During a medical emergency, the last thing anyone wants to worry about is their ability to pay for care. But according to a recent study by Brigham researchers, flawed insurance policies can result in denied coverage for patients visiting an emergency department (ED) based on their discharge diagnosis.
Brigham investigators analyzed a national sample of ED visits between 2011 and 2015 to determine the proportion that could be denied coverage if commercial insurers across the U.S. adopted the coverage-denial criteria of a large national insurer, Anthem, Inc., based on ED discharge diagnoses.
Researchers studied ED visits of more than 28,000 commercially insured adults, ages 15 to 64, and found that the insurer’s list of nonemergent diagnoses would classify coverage denial for nearly 16 percent of the visits examined. On a larger scale, that could translate to 4.6 million ED visits annually. Their findings were published this month in JAMA Network Open.
“Up to one-sixth of adult emergency department patients with private health insurance would qualify for further review and may be denied coverage under this policy,” said lead study author Shih-Chuan (Andrew) Chou, MD, MPH, of the Department of Emergency Medicine.
Researchers noted that in almost 90 percent of ED visits, the primary presenting symptoms that brought patients to the emergency department were the same presenting symptoms as those with diagnoses at risk of denial. Yet, among these patients, more than 65 percent received emergency-level services, such as imaging or multiple blood tests.

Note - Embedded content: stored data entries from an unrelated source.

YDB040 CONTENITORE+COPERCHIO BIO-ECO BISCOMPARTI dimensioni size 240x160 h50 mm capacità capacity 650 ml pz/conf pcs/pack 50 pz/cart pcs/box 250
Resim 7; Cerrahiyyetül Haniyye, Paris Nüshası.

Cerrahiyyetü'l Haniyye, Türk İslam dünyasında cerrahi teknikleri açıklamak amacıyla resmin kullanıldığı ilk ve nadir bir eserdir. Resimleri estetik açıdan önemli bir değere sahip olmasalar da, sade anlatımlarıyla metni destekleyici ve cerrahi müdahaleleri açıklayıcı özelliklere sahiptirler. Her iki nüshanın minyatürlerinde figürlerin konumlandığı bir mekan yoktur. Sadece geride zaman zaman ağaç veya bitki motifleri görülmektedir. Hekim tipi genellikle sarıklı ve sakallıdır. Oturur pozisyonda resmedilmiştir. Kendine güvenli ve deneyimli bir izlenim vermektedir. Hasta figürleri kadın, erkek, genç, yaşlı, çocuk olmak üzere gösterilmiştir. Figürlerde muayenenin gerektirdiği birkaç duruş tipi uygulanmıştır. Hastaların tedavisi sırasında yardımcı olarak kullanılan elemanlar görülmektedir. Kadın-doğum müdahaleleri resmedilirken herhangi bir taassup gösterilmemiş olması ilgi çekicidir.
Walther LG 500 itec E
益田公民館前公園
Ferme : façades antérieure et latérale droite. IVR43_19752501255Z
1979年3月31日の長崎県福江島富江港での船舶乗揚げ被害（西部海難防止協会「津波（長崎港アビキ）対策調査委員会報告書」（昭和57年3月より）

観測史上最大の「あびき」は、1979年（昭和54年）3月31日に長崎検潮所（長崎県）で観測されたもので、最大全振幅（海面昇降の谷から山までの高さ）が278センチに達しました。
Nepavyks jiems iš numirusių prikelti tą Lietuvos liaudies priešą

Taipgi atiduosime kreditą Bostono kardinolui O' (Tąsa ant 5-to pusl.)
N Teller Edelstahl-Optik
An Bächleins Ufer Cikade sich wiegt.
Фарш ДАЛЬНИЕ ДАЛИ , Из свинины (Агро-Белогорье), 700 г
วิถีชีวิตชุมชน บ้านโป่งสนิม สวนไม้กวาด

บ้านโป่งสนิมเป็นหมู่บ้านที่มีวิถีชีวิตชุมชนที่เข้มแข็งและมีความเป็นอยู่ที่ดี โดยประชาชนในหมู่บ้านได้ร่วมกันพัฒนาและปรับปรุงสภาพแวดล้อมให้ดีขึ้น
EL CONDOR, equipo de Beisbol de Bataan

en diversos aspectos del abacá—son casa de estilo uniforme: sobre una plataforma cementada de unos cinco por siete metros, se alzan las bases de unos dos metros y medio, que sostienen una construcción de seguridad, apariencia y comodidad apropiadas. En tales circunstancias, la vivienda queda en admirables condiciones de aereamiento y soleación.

Researchers concluded that it is problematic for insurance companies to retrospectively determine coverage for a visit based on diagnosis because patients decide to go to the ED based on their symptoms – a decision that may be very reasonable at that time.
“Nearly 90 percent of adult ED patients will have symptoms that could lead to a nonemergency diagnosis – and review for possible coverage denial – including symptoms such as chest pain, which is one of the most common reasons patients are hospitalized from the ED,” Chou said.

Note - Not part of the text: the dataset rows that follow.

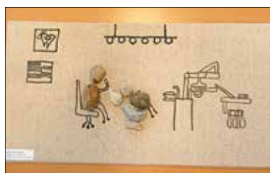
„Beim Zahnarzt“ Steinbild auf Leinwand
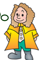
本学マスコットキャラクター ラマティー
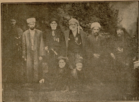
ქართული მამადღანები სოფ. ქაქუთიდან.
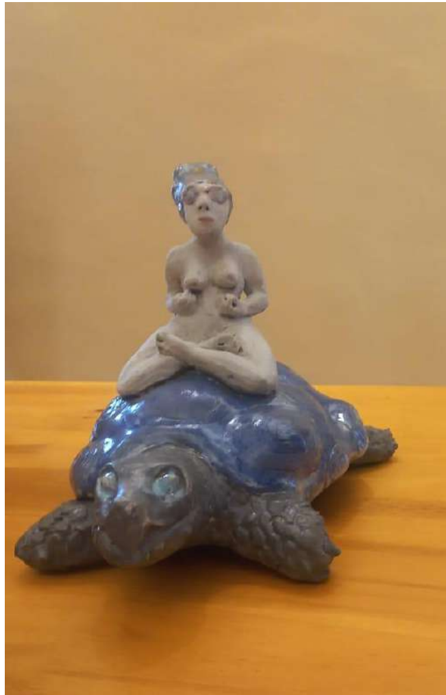
Imagen 2: “Persiguiendo la utopía”. Exposición Feminíridas de Verónica Trujillo. 2025

futuros posibles, por la creatividad y la insistencia en buscar formas diferentes de relacionarnos. Esta esperanza resonó hace algunos días con la pieza cerámica “Persiguiendo la utopía” de la artista Verónica Trujillo que tuve la oportunidad de apreciar en la exposición Feminíridas.
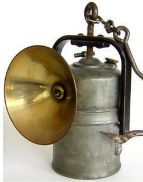
Grubenlampe (ca. 1900 - 1950)
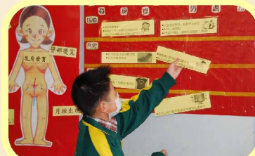
認識「青春期的轉變」，有助學生踏上健康成長路。（五年級性教育講座）
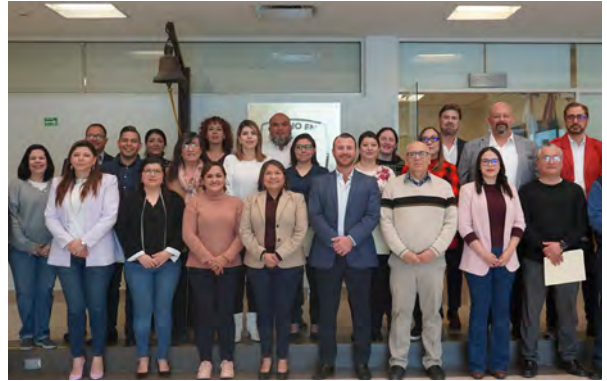
Coordinaciones de Academia
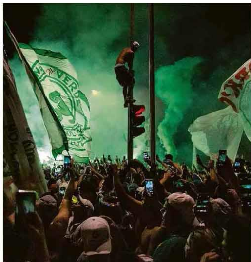
TORCEDORES RECEBEM PALMEIRAS COM AGLOMERAÇÃO Campeão da Libertadores, time foi celebrado por mais de mil pessoas ao chegar ao centro de treinamento da Barra Funda; com a vitória, clube aumenta maratona de jogos. Esporte B6 e B7

No segundo fim de semana com protestos em favor da libertação do líder opositor Alexei Navalni, mais de 5.100 russos foram presos em 87 cidades do país. Navalni está detido desde que voltou a Moscou de Berlim, após ter sido envenenado, e será julgado na terça-feira. Mundo A12
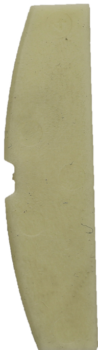
Lámina de rotor
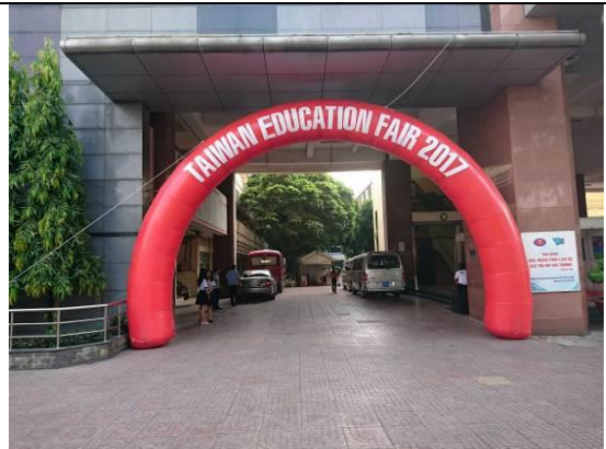
圖 8 胡志明市人文社會科學大學展場
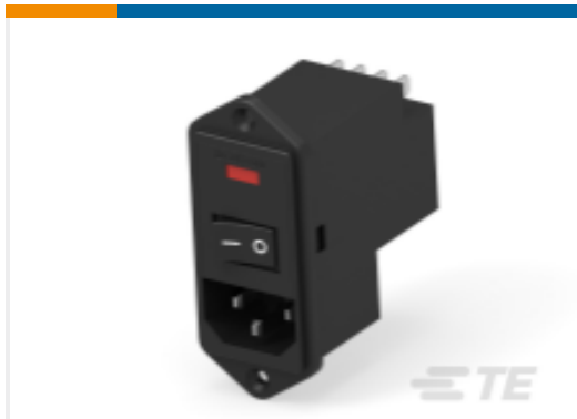
TE 产品编号1-6609940-0 PMOSSSX0=C3324
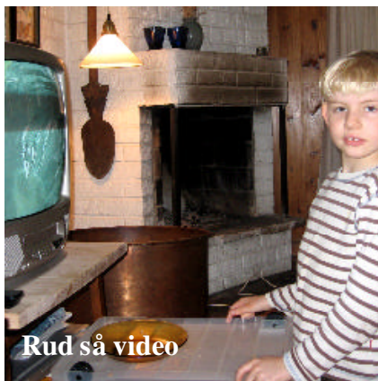
Rud så video
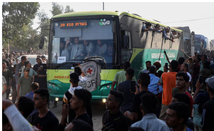
Imagen de personas dando la bienvenida a presos palestinos liberados en el Complejo Médico Nasser, en el sur de la ciudad de Khan Younis.
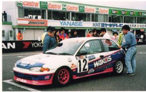
高橋車と喜びのシャンパンシャワー。

きます。コーナーではリードしてもストレートでは差を詰められます。大事にレースを運び、結果1位でゴール。初めての優勝を獲得しました。SUGOのコースレ
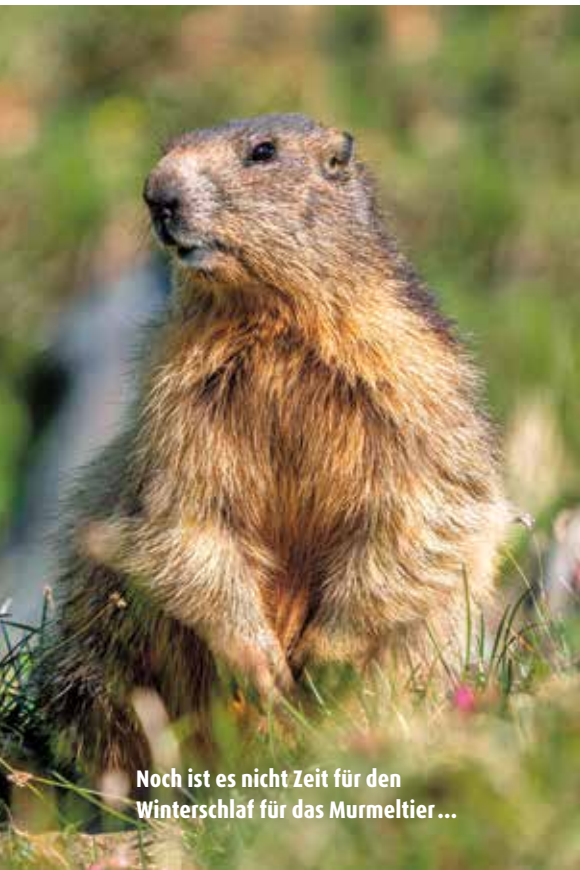
Noch ist es nicht Zeit für den Winterschlaf für das Murmeltier...

Senior author Jeremiah Schuur, MD, MHS, of Emergency Medicine, said the onus should not be on patients to determine if such symptoms warrant coverage for emergency care.

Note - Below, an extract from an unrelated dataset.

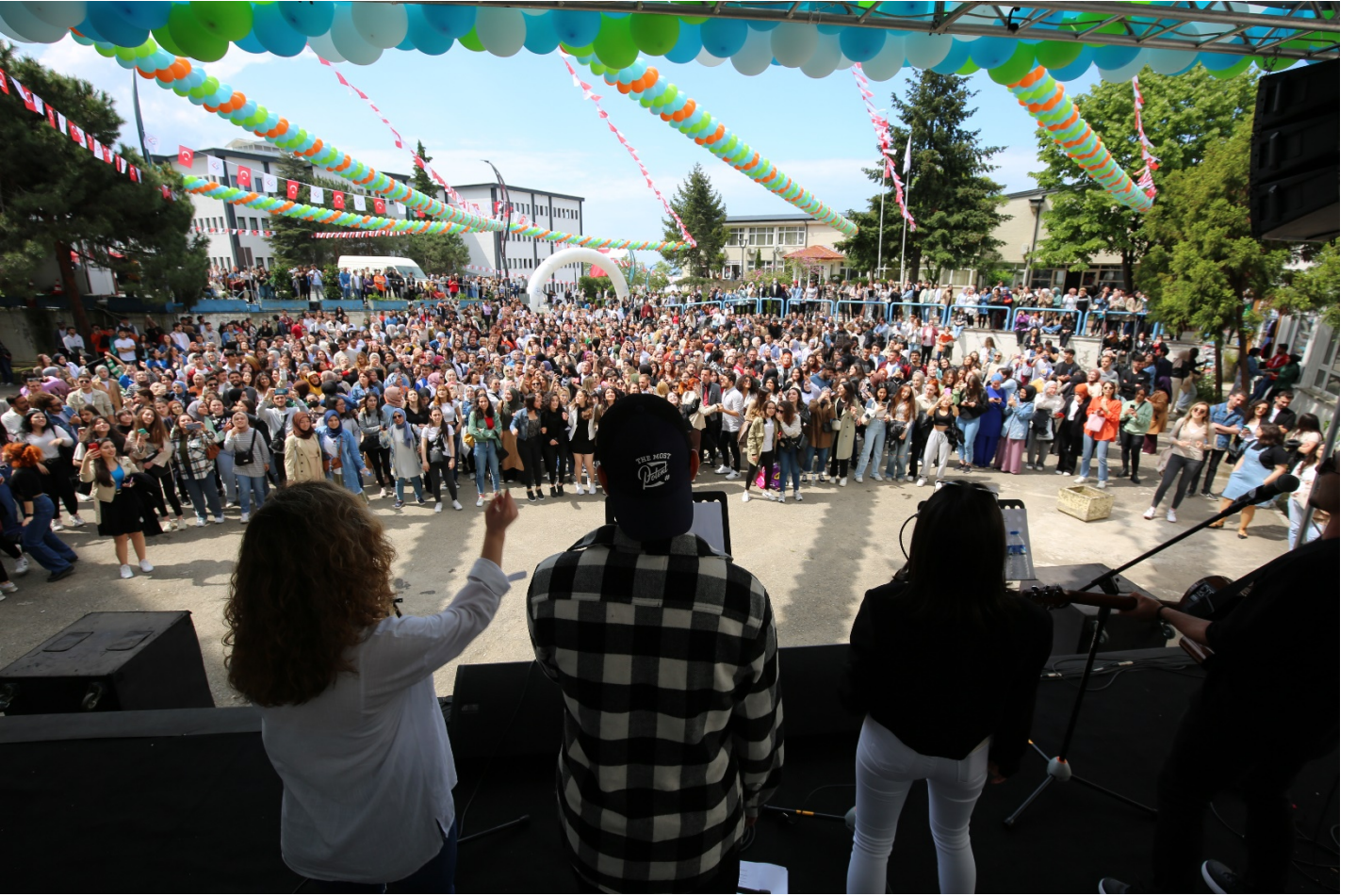
Resim 10: Bahar Şenlikleri Etkinliği
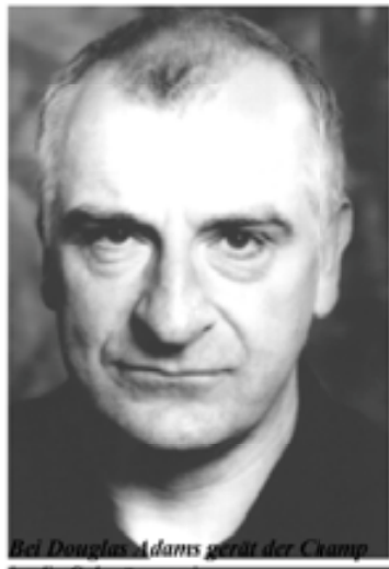
Bei Douglas Adams gerät der Champ in die Schwärmeret.

“Patients come to the ED with symptoms and not diagnoses,” he said. “After-the-fact policies that use final diagnoses to judge the appropriateness of an ED visit and further apply a financial penalty will put patients in a difficult spot where they are expected to self-determine whether there is a concerning illness. A better solution is to make it easier for patients to receive care for acute illnesses when they want to go outside the ED and access, for example, urgent care centers.”